Lingua::Stem::Russian
Lingua::Stem::Russian Raku package
Introduction
This Raku package is for stemming Russian words. It implements the Snowball algorithm presented in [SNa1].
Usage examples
The RussianStem
function is used to find stems:
use Lingua::Stem::Russian;
say RussianStem('всходы')
# всход
RussianStem
also works with lists of words:
say RussianStem('Всходы урожая ожидаются с терпением, питьем и беконом.'.words)
# (Всход урож ожида с терпением, пит и беконом.)
The function russian-word-stem
can be used as a synonym of RussianStem
.
Command Line Interface (CLI)
The package provides the CLI function RussianStem
. Here is its usage message:
RussianStem --help
# Usage:
# RussianStem <text> [--splitter=<Str>] [--format=<Str>] -- Finds stems of Russian words in text.
# RussianStem [<words> ...] [--format=<Str>] -- Finds stems of Russian words.
# RussianStem [--format=<Str>] -- Finds stems of Russian words in (pipeline) input.
#
# <text> Text to spilt and its words stemmed.
# --splitter=<Str> String to make a split regex with. [default: '\W+']
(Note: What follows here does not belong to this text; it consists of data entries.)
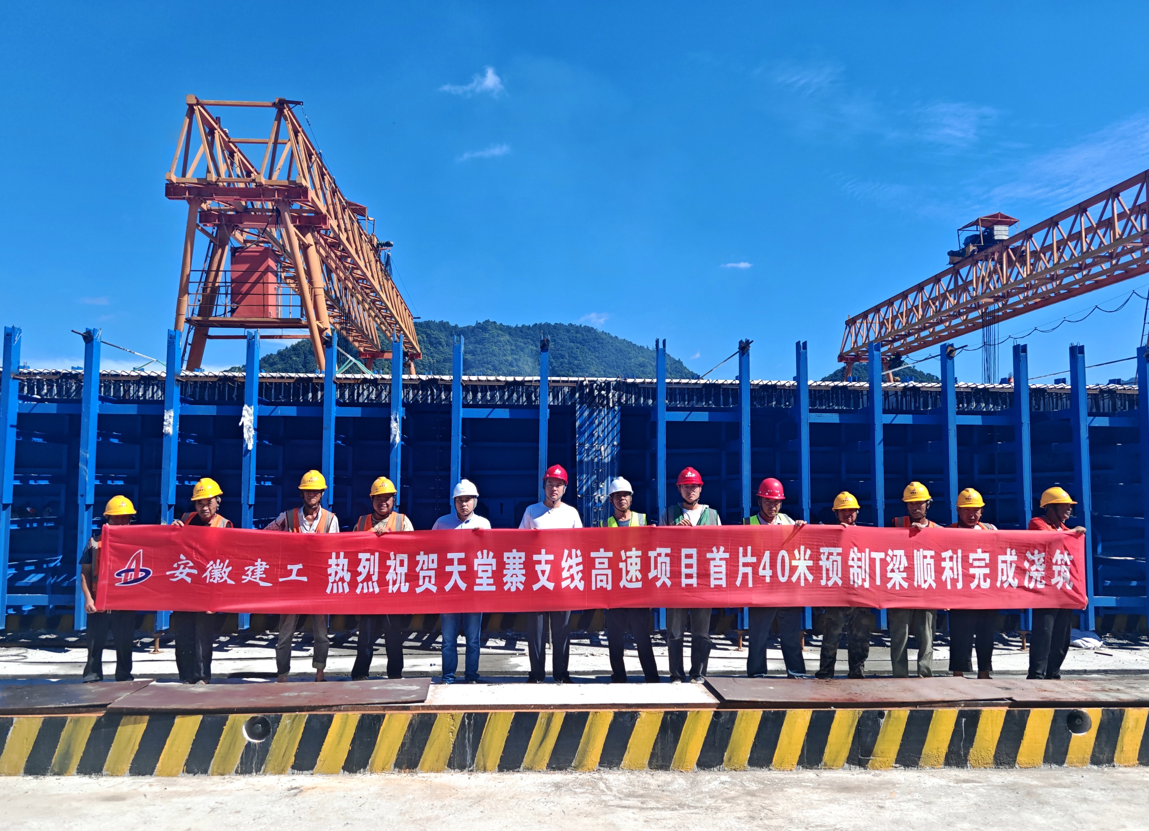【路橋“競”行時(shí)】天堂寨支線高速項(xiàng)目首片預(yù)制T梁成功澆筑
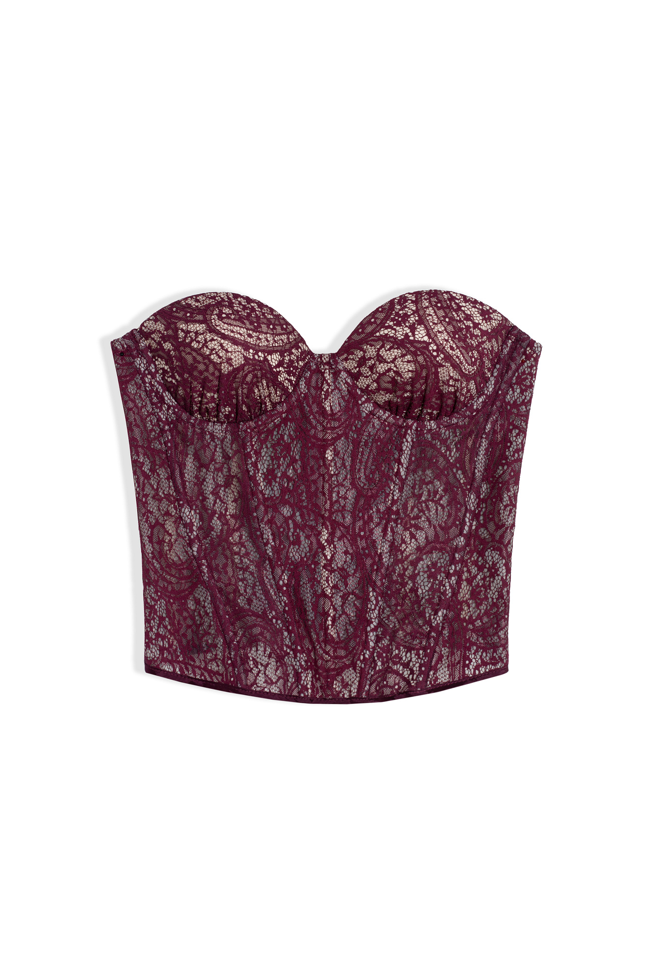 Корсет из тонкого кружева на контрастной подкладке с чашечками и шнуровкой по спинке. Дополнить образ можно юбкой в таком же стиле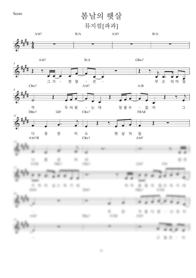 뮤지컬[파과] 중 봄날의햇살 넘버 멜로디악보 입니다:)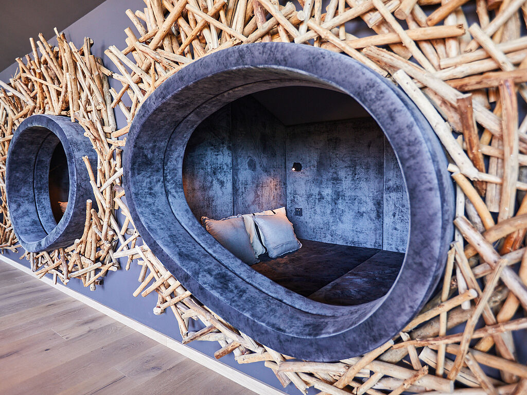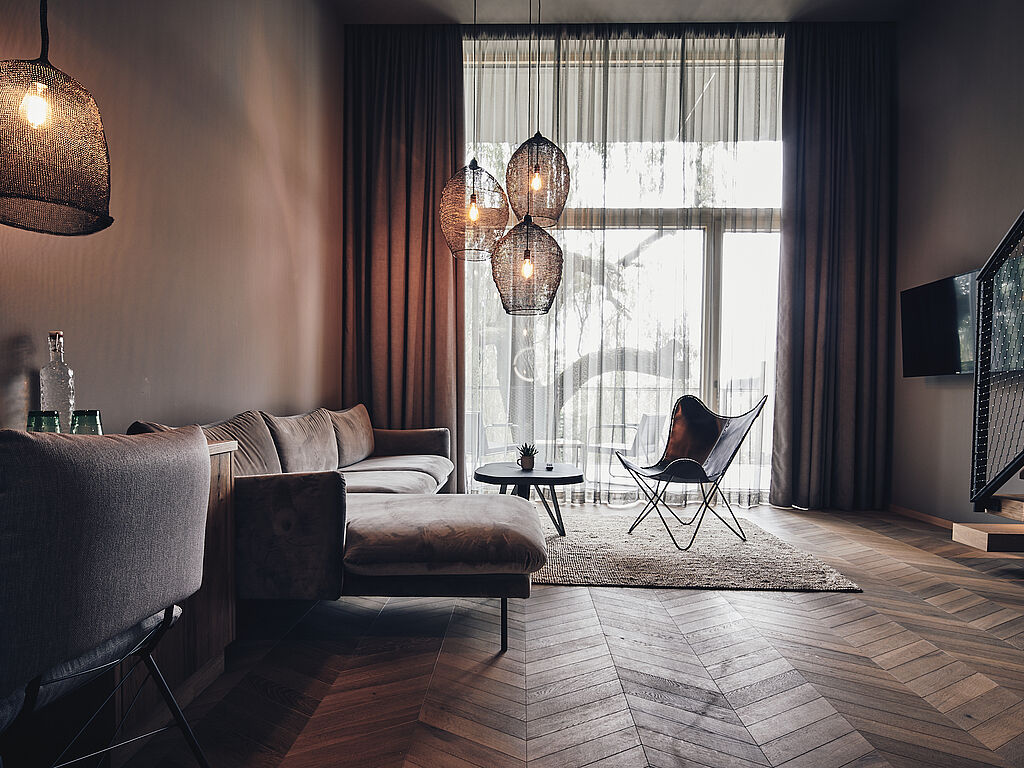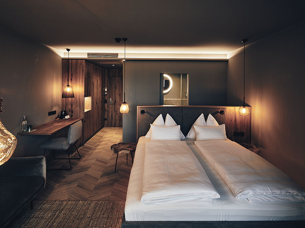 Hier verbindet sich traditionelle Gastfreundschaft mit urbanem Lebensgefühl, verschmelzen in den Zimmern und Suiten natürliche Materialien und von der Bergwelt inspirierte Farben mit einem klaren Look. Ein Highlight ist die GERL's Galerie unter dem Motto „Schlafen in design-orientiertem Ambiente mit viel Luft zum Atmen" mit einer Deckenhöhe von vier Meter und großen Panoramafenstern.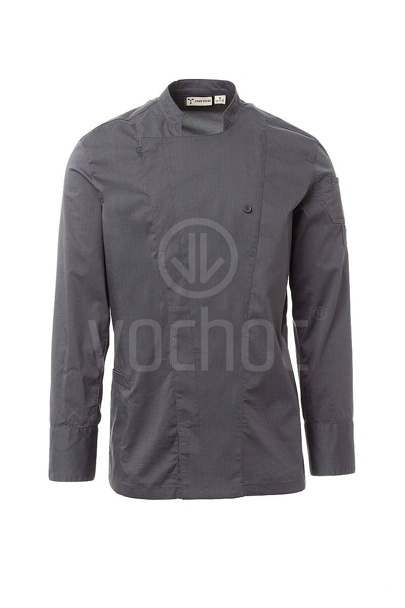 Pánský kuchařský rondon se stojáčkem, vyrobený z odolného bavlněného ripstopu s příměsí Lycry® T400®, nabízí vynikající elasticitu, tvarovou stálost a vysokou prodyšnost. Maximální komfort při práci zajišťují prodyšné síťované panely na zádech, v podpaží a v průramcích, které podporují cirkulaci vzduchu i během náročných směn.
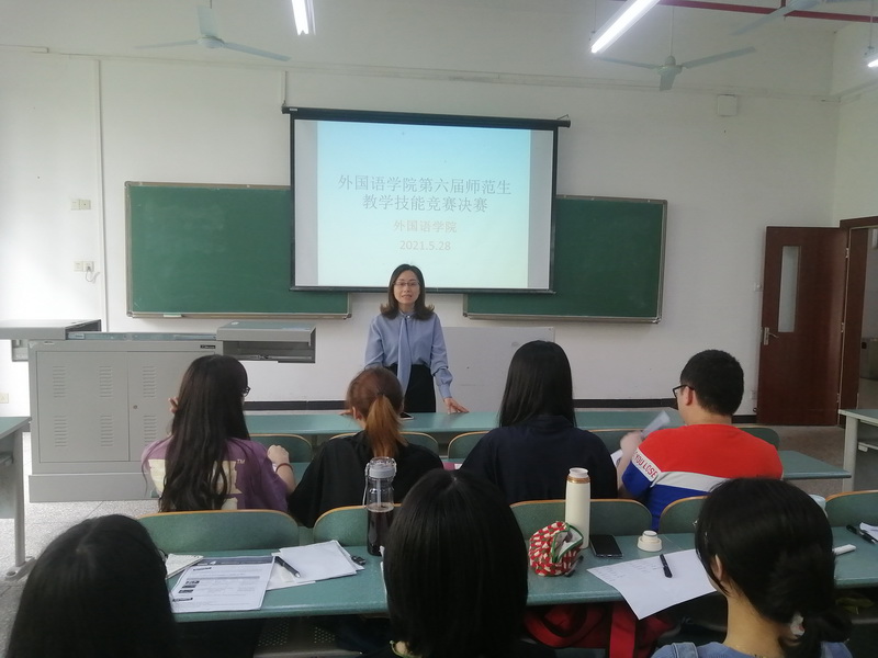 决赛分为两个环节,一是各参赛选手围绕竞赛所指定的高中英语阅读教学内容,进行10分钟现场模拟讲课,二是选手现场抽取演讲话题,进行即兴演讲。各参赛选手准备充分,授课思路清晰,教学活动设计丰富,反应快捷,体现了较好的师范生素养。最后,各小组评委教师为比赛做了精彩的点评。本次比赛将择优推荐参加公司第六届师范生教学技能比赛的选手。
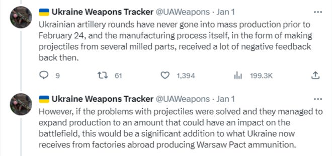 First let me address shells which is the most realistic thing Ukraine could ever potentially even attempt to produce. There were a lot of rumors earlier in the year that Ukraine had begun production of its own 122mm and 155/152mm artillery shells. However most of this is smoke and mirrors.
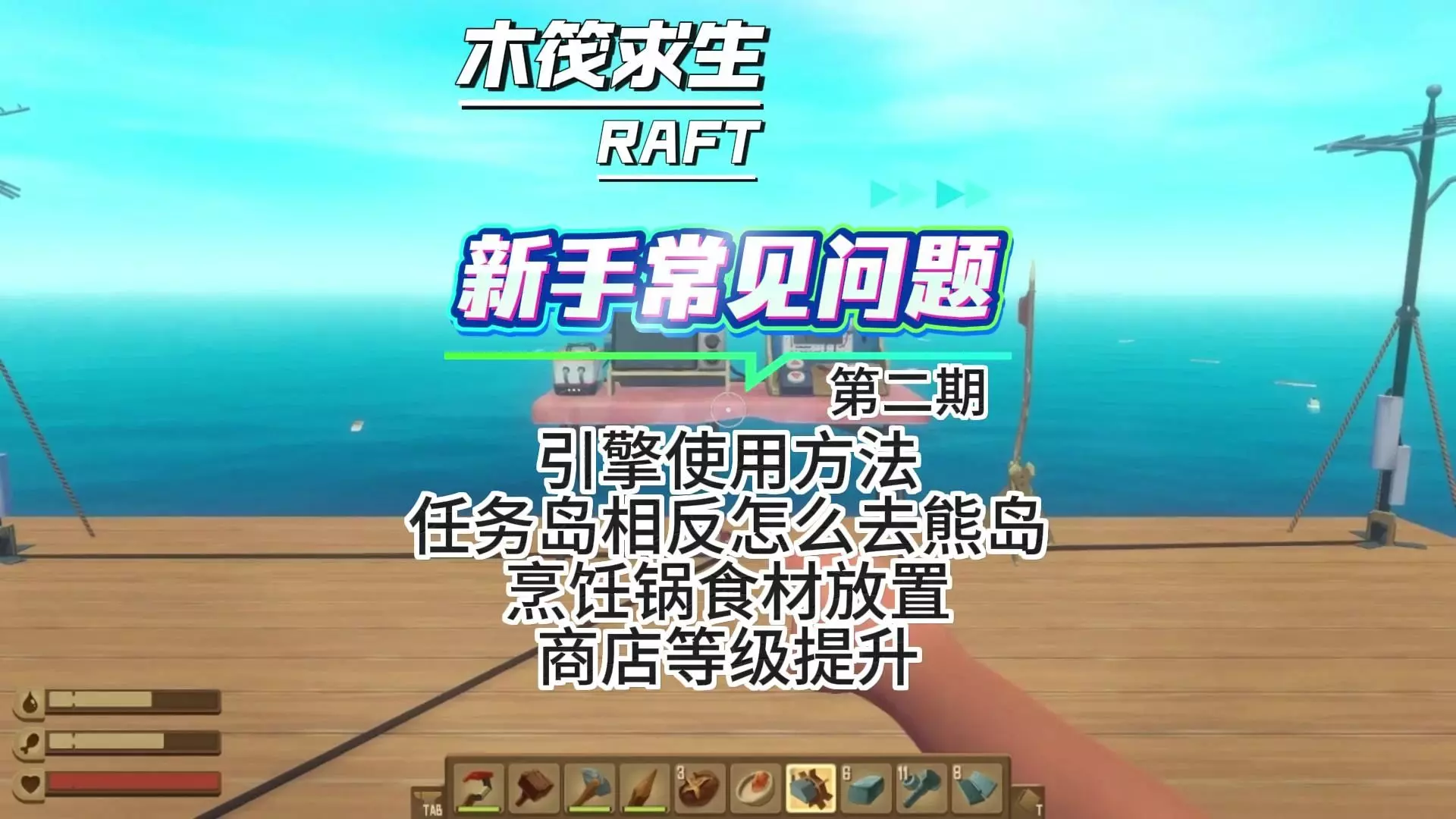 这是生存游戏《木筏求生》的新手向攻略解说第二期,将为玩家讲解解锁熔炉、高级净水器,探索神秘飞机岛,扩建木筏,实现垃圾自动化搜集等新手进阶玩法,助力玩家更好地在木筏求生中生存。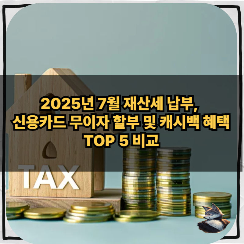 2025년 7월 재산세 납부, 신용카드 무이자 할부 및 캐시백 혜택 TOP 5 비교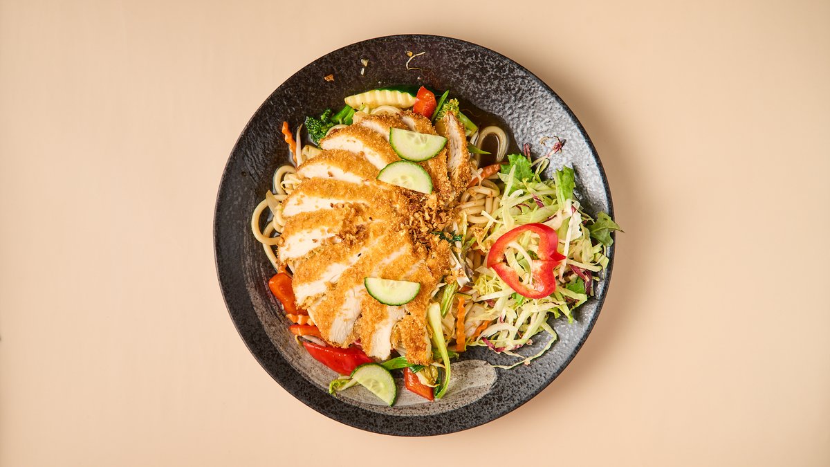 mit gebratenen Udon Nudeln, Gemüse, Kräutern, Röstzwiebeln und Teriyaki-Soße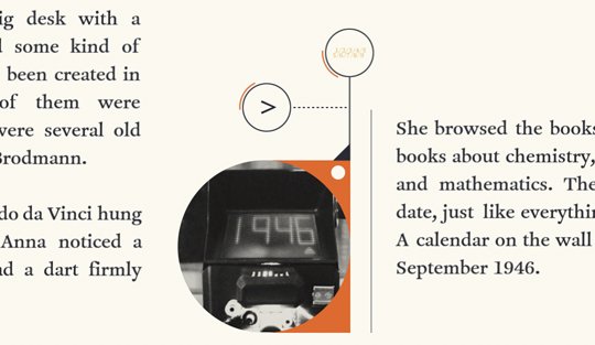 Device 6 brings a perfect blend of reading and interactivity. The heroine of the story, Anna, wakes up with a headache, and no memory, in a strange room. There’s a painting of an orange on the wall. She begins to explore and finds that she’s captive in a castle on an island. Through a window she can see a lighthouse, but she needs your help to escape. Maybe the artwork on the walls, and other items she finds while exploring the passages of the castle, hold clues – codes she can enter into the archaic electronic consoles she finds here and there.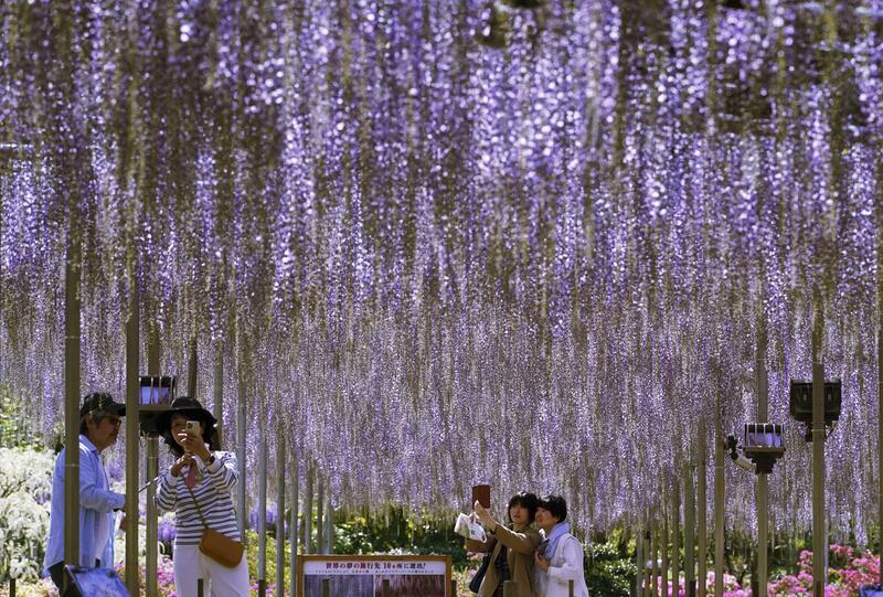Visitors wearing masks were seen Wednesday enjoying the purple fantasy of the 160,000 strands of flowers hanging from the massive wisteria trellises, spread out over an area of 2,000 square meters. This year marks the earliest that the wisteria are in full bloom since the park first opened in 1997.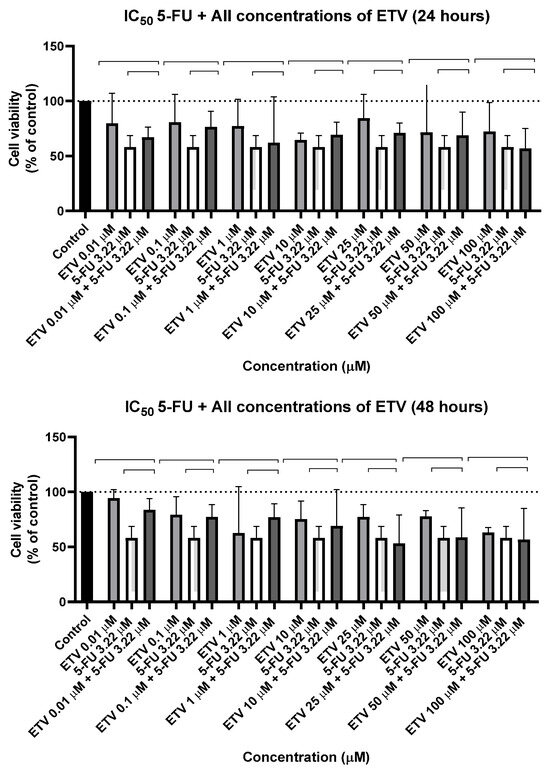 When comparing the cytotoxic effects of 3.22 μM of 5-FU and 50 μM of ETV for 24, 48, and 72 h, the crucial role of time becomes evident. It confirms that for the 72 h period, the combination of 5-FU with ETV induces more cytotoxicity than the drugs used individually—which did not occur for 24 and 48 h. Contrary to our expectations, the cell viability at 50 μM of ETV for 48 h was not lower than for 24 h.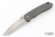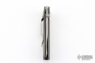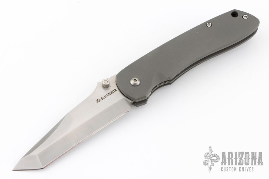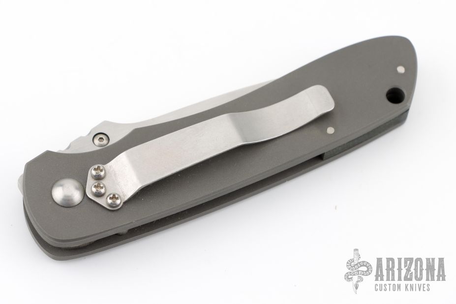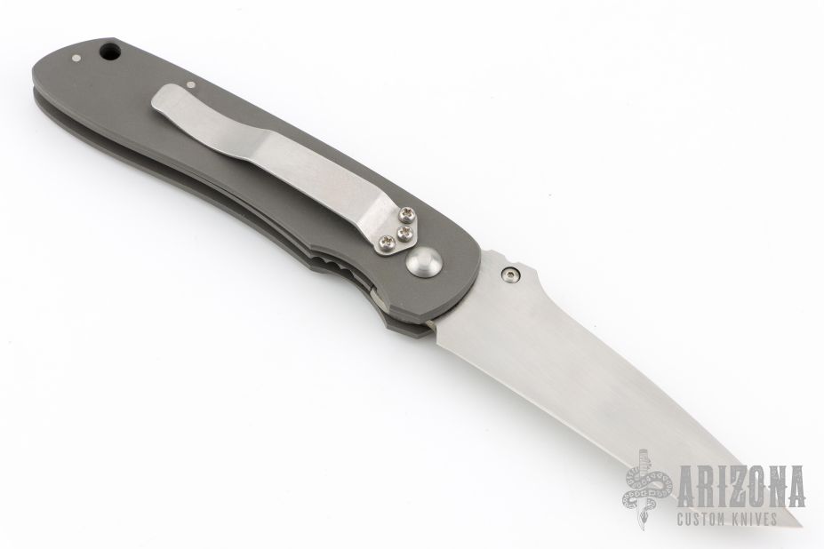 This linerlock folder features a chisel ground tanto recurve blade with hand rub satin finished flats, and satin finish bevels, notched thumbrest and single knurled thumbstud. The handle has bead blasted titanium covers, and bead blasted titanium liners, black G-10 backspacer, and a tip up bead blasted stainless steel clip. Smooth action. Nice lockup and blade seating. Has a couple light scuffs and scratches, great condition otherwise.

# --format=<Str> Output format one of 'text', 'lines', or 'raku'. [default: 'text']
# [<words> ...] Words to be stemmed.
Here are example shell commands of using the CLI function RussianStem
:
RussianStem Какие
# Как
RussianStem --format=raku "Модуль Raku, предоставляющий процедуру для русского языка."
# ["Модул", "Raku", "предоставля", "процедур", "для", "русск", "язык", ""]
RussianStem Проверить корректность подбора по словарям и правилам
# Провер корректност подбор по словар и правил
Here is a pipeline example using the CLI function get-tokens
of the package
"Grammar::TokenProcessing",
[AAp1]:
get-tokens ./DataQueryPhrases-template | RussianStem --format=raku
# ("ассоциац", "ассоциирован", "ассоциирова", "безопасн", "восходя", "выбер", "заказа", "комбайн", "крестообразн",
# "поверхност", "мутирова", "обзор", "обобщ", "переименова", "пол", "просмотрет", "разгруппирова", "разделител",
# "распла", "расстав", "символ", "слит", "слиян", "сплит", "табулирова", "тольк", "убыва", "уверен", "форм",
# "формат", "формирова", "формул", "широк")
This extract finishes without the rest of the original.